Parameter Efficient Quasi-Orthogonal Fine-Tuning via Givens Rotation

Xinyu Ma,Xu Chu,Zhibang Yang,Yang Lin,Xin Gao,Junfeng Zhao
2024-06-07
Abstract:With the increasingly powerful performances and enormous scales of pretrained models, promoting parameter efficiency in fine-tuning has become a crucial need for effective and efficient adaptation to various downstream tasks. One representative line of fine-tuning methods is Orthogonal Fine-tuning (OFT), which rigorously preserves the angular distances within the parameter space to preserve the pretrained knowledge. Despite the empirical effectiveness, OFT still suffers low parameter efficiency at $\mathcal{O}(d^2)$ and limited capability of downstream adaptation. Inspired by Givens rotation, in this paper, we proposed quasi-Givens Orthogonal Fine-Tuning (qGOFT) to address the problems.
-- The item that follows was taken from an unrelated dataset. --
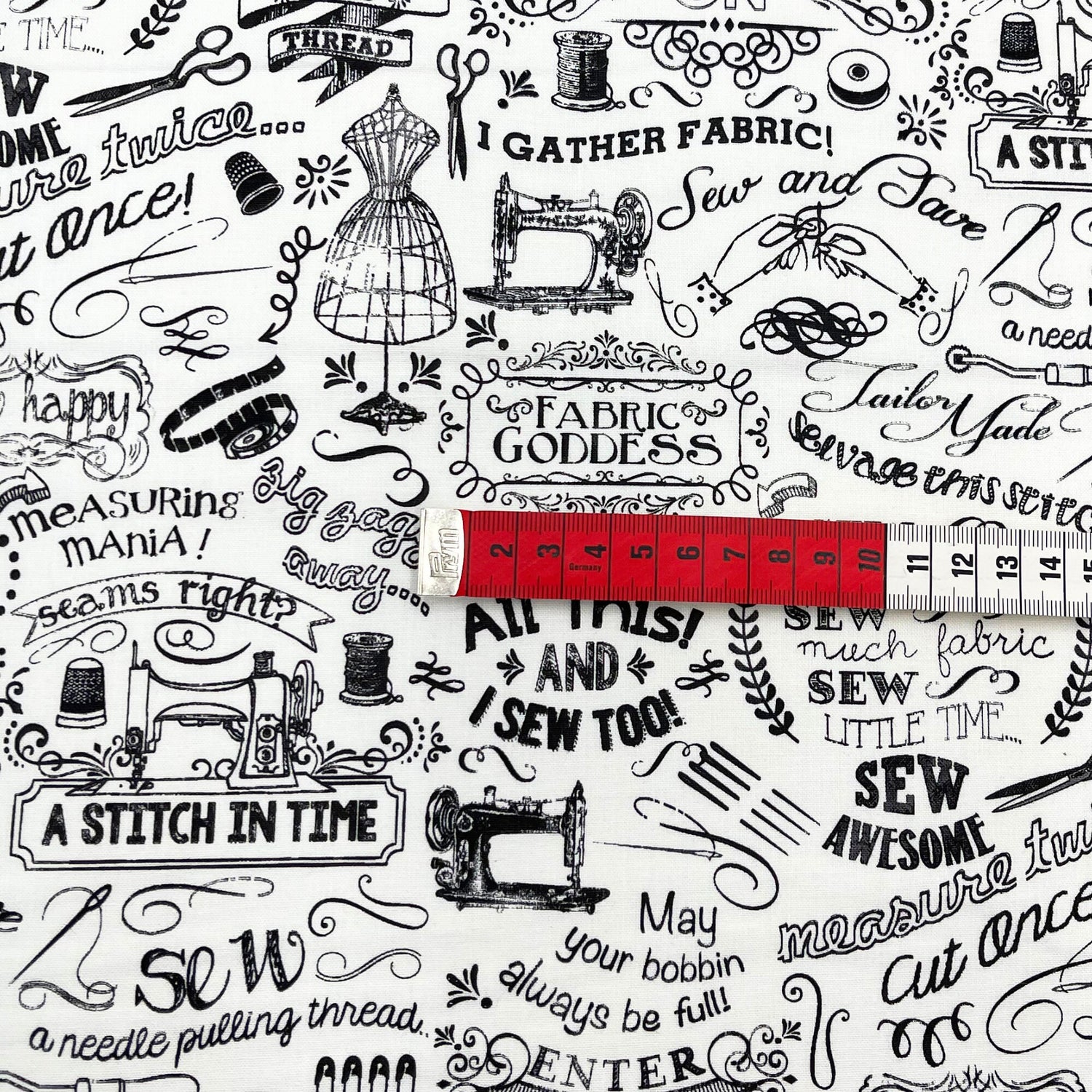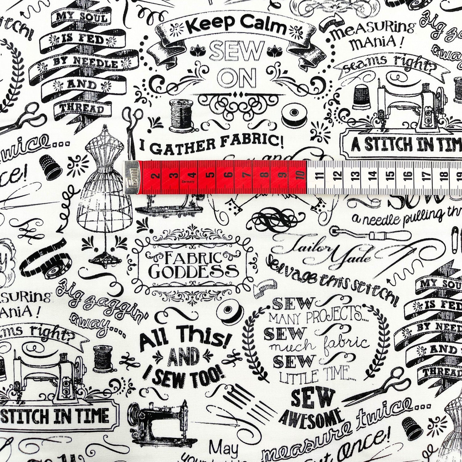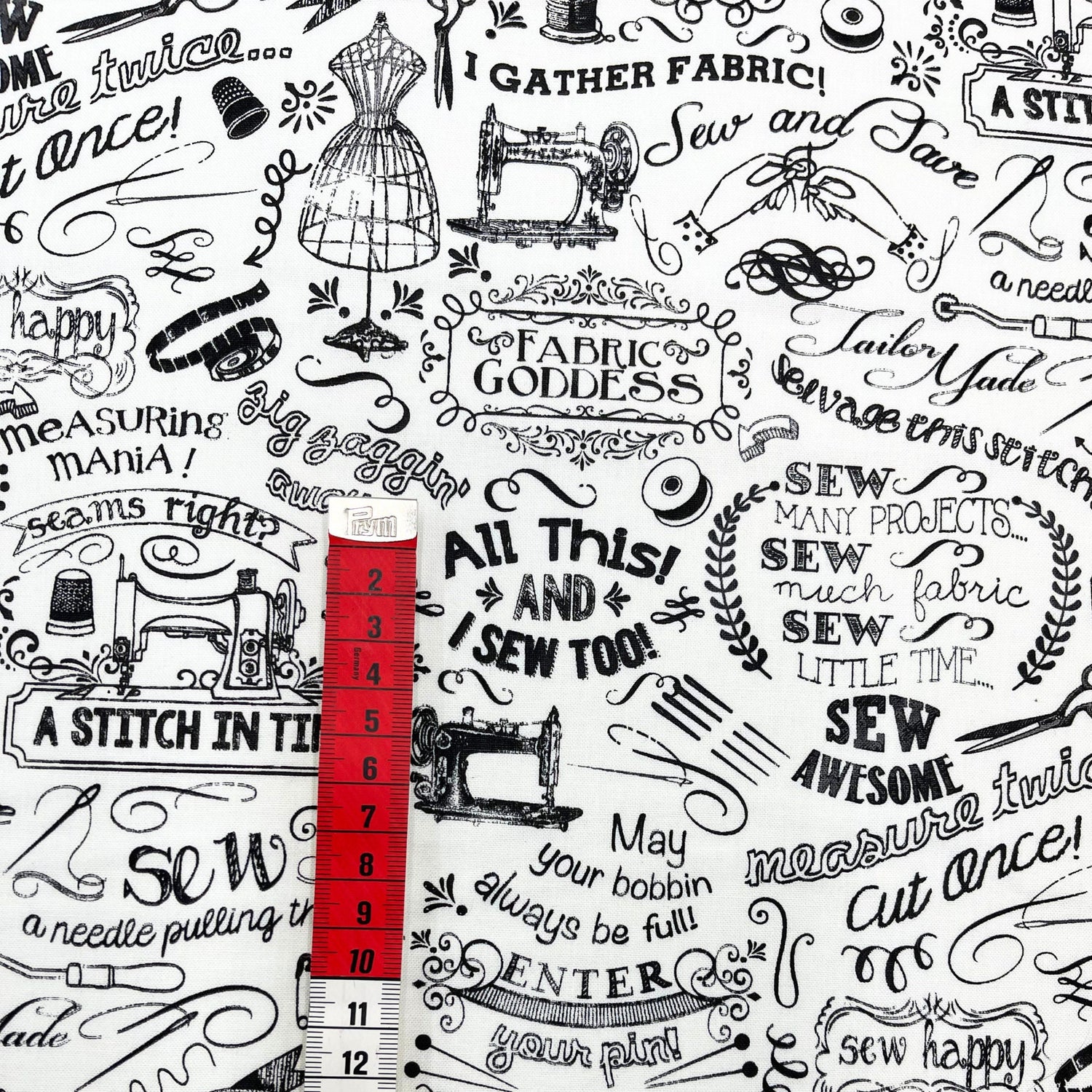 Celebrate your passion for sewing with the Gail Sewing Words fabric by Timeless Treasures. This rare and playful 100% cotton quilting fabric features bold black-and-white text prints with fun phrases like “Sew Fun” and “FABRIC GODDESS”. Perfect for fabric lovers, quilters, and crafters, this Fat Quarter is ideal for small projects, patchwork, or adding a quirky touch to your fabric stash.

We first use $\mathcal{O}(d)$ Givens rotations to accomplish arbitrary orthogonal transformation in $SO(d)$ with provable equivalence, reducing parameter complexity from $\mathcal{O}(d^2)$ to $\mathcal{O}(d)$. Then we introduce flexible norm and relative angular adjustments under soft orthogonality regularization to enhance the adaptation capability of downstream semantic deviations. Extensive experiments on various tasks and pretrained models validate the effectiveness of our methods.
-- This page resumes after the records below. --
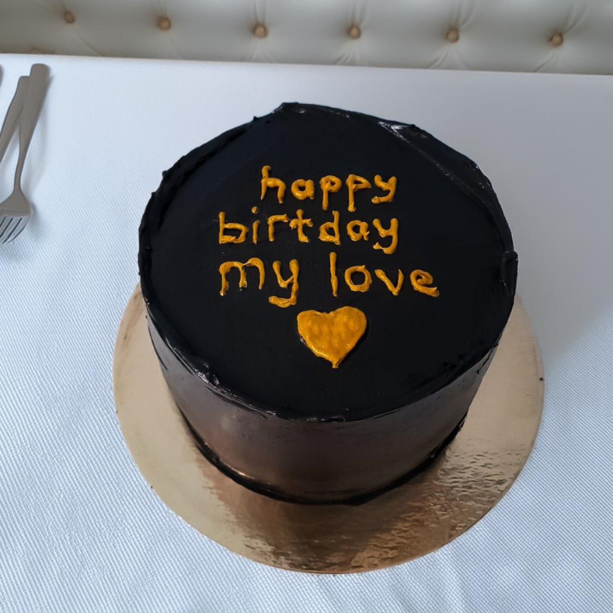 Pastanın derin siyah krema kaplaması, altın rengi yazı ve kalp ile lüks ve göz alıcı bir kontrast oluşturuyor. "Happy Birthday My Love" mesajı, sevgilinize olan derin duygularınızı en güzel şekilde yansıtırken, altın rengi kalp ise ilişkinizin sıcaklığını ve samimiyetini simgeliyor.
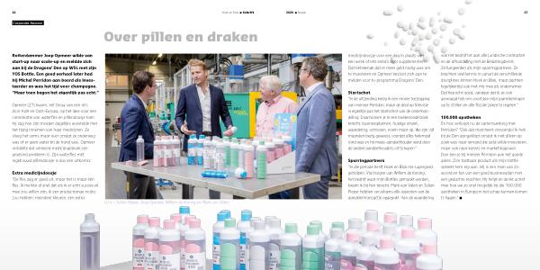100.000 apotheken En hoe verloopt nu de samenwerking met Perridon ? “ Ook dat marcheert crescendo ! Ik heb bij de Den aangeklopt omdat ik niet alleen op zoek was naar iemand die geld wilde investeren , maar ook naar kennis en marketingpower . Dan ben je bij meneer Perridon aan het goede adres . Zo ’ n tastbaar product als mijn bottle spreekt hem erg aan . Hij is een man van z ’ n woord en fan van een goed businessplan met een gedachte erachter . Hij helpt en denkt actief mee hoe we zo snel mogelijk bij die 100.000 apotheken in Europa in het schap kunnen komen te liggen .” ◼
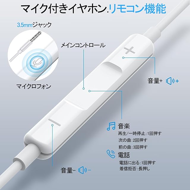【リモコン簡単操作·クリアな通話】ケーブルにはリモコンとマイクを搭載。イヤホンのリモコンとマイクボタンで、ハンズフリー通話やスマートフォンの音楽再生などを簡単操作できます。音楽再生中に、画面を見ずにボリュームをコントロールしたり、次の曲に飛ばしたりすることも簡単です。そのまま電話がかかってきても、いちいちスマホを出さずにコントロールできます。相手の声も聞き取りやすく、仕事(オンライン会議・テレワーク)接続してWeb会議にも最適です。

Machine Learning,Artificial Intelligence,Computation and Language
What problem does this paper attempt to address?
The paper mainly addresses the issue of parameter-efficient fine-tuning of pre-trained models for downstream tasks. Specifically, the paper attempts to solve the following two key problems: 1. **Improving the parameter efficiency of Orthogonal Fine-Tuning (OFT) methods**: Although existing OFT methods can effectively retain the knowledge of pre-trained models, their parameter complexity is high, being O(d^2), where d represents the hidden dimension of the linear layer. This results in a large number of parameters, thereby affecting the adaptability and efficiency of the model. The paper proposes a method based on Givens rotations (referred to as GOFT), which can achieve arbitrary orthogonal transformations using only O(d) parameters, significantly reducing the parameter complexity. 2. **Enhancing the adaptability to semantic shifts in downstream tasks**: While OFT performs well in retaining pre-trained knowledge, it strictly maintains the relative angles and norms between weight vectors, which limits its adaptability to subtle semantic changes in downstream tasks. To address this issue, the paper further proposes quasi-Givens Orthogonal Fine-Tuning (qGOFT), a method that allows fine-tuning adjustments of the norms and relative angles of weight vectors, thereby enhancing the model's ability to learn semantic shifts in downstream tasks. In summary, the main contributions of the paper are the proposal of two new fine-tuning methods—GOFT and qGOFT. These methods not only improve parameter efficiency during the fine-tuning process but also enhance the model's adaptability to downstream tasks. Through theoretical analysis and experimental validation, both methods have demonstrated good performance.